2. Loan book review and case-by-case assessment of the counterparties’ business models to remain viable

Compliance and financial crime

KYC, AML and general compliance risks may increase significantly:

  1. Review and reinforce over-strained internal control systems.
  2. Prepare to return into ordinary regulatory parameters after the temporary easing of banking regulations such as Leverage Ratio.
  3. Recalibrate transaction monitoring and KYC procedures to cope with new threats posed by COVID-19-induced criminal patterns.
  4. Clean up missing identification and KYC elements according to CDB before the end of the relaxations granted by FINMA.
  5. Although breaches will potentially be reported as qualifications in the statutory audit report, this will only be after a long time delay.
Remediation of the entire loan book

Fundamental changes to the business environment raise concerns about whether the underlying assumptions for the assessment of the loan book’s quality pre COVID-19 are still reliable:

  1. In the light of a ‘new normal’, the loan portfolio needs to be reviewed in a timely manner to identify corporates in the loan book with a business model that needs to be revised in order to remain viable after the industry has changed in structure.
  2. Quickly identify problem positions to be handed over to the special situations team.
  3. Anticipate regulatory stress tests based on COVID-19 scenarios.
  4. Ensure a high quality of credit documentation, including contractual formalities.

3. Recovery and restructuring of non-performing counterparties

Work out and restructuring

An increase in corporate credit defaults is expected, which will result in a high workload for the bank’s special situations teams dealing with over-indebtedness:

  1. Prepare to scale up resources to work out waves of distressed loans over an extended timeframe.
  2. Early identification of pre-COVID liquidity issues: review conditions attached to a waiver, revise revenue forecasts and cash flows and work through scenario analysis to test headroom in downside cases (distinction of COVID impact).
  3. COVID-19 credits of less than €500,000 do not count as debt for the assessment of over-indebtedness in the sense of art. 725 (1) and (2) CO until March 2022.
Application of impairment rules

Forward-looking application of impairment rules, taking into consideration current circumstances to avoid a self-enforcing ripple effect:

  1. Identify impairment needs on credit positions that were already on the watch list before the crisis.
  2. Review critical positions to avoid discussions with the auditor.
  3. Understand the reasons behind standard impairment indicators such as deferred interest payments, as this could just be an unnecessary cautionary measure rather than an indication of potential default.

4. ‘New normal’ credit policy

Capital, portfolio risk and KPIs alignment

The ‘new normal’ has an impact on the bank’s risk appetite, its capital base and profitability.
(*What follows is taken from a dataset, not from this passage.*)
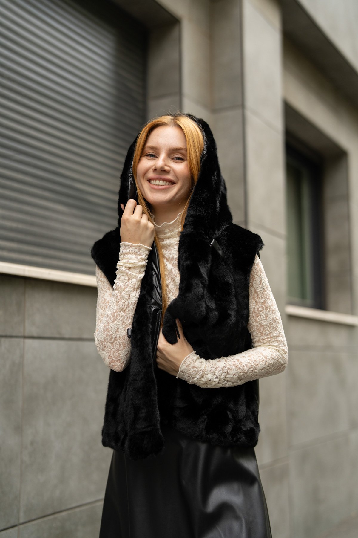 Kapüşon Detaylı Kürk Detaylı Kısa Kollu Yelek
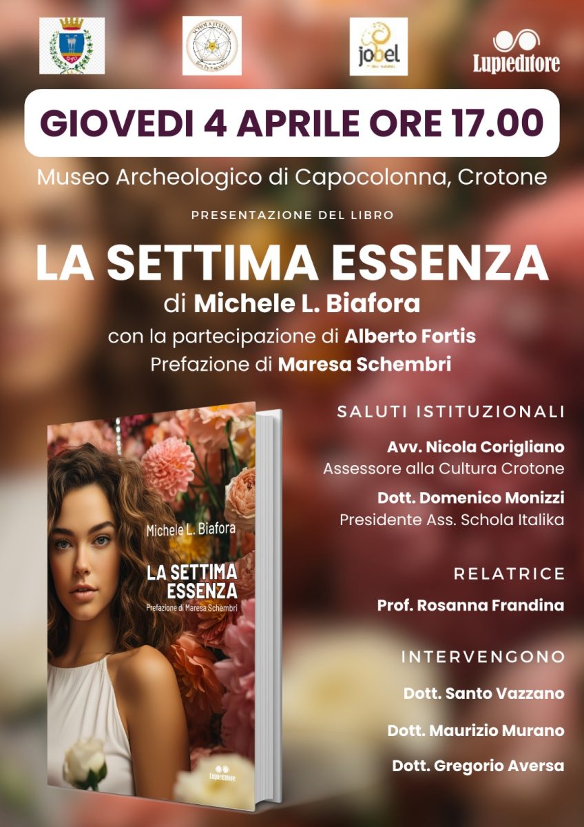 L’evento, introdotto dall’assessore alla cultura Nicola Corigliano e dal presidente dell’associazione Schola Italia, Domenico Monizzi, oltre alla presenza dell’autore, prevede l’intervento di Santo Vazzano, presidente del Consorzio Jobel, Maurizio Murano, coordinatore della Nuova Scuola Pitagorica, e Gregorio Aversa, direttore del Museo Archeologico di Crotone e di Capo Colonna, moderati dalla docente Rosanna Frandina.

Credit policy will be revised to reflect the business strategy of the bank:

  1. Re-balance concentration risk by industry.
  2. Adjust to minimize or avoid concentration and lump risks in the portfolio.
  3. Adjust client targeting to enhance risk diversification in the portfolio.
  4. Review risk and position monitoring tools to cope better with liquidity KPIs of counterparties.
Capital and refinancing

The bank’s own credit rating may need improvement after the crisis to strengthen competitiveness in a ‘new normal’.

  1. Closely track the program for transition of the credit portfolio into the new target portfolio.
  2. Disclose measures and progress to rating agencies.
  3. Review ALM positioning.
  4. Closely monitor the real estate market.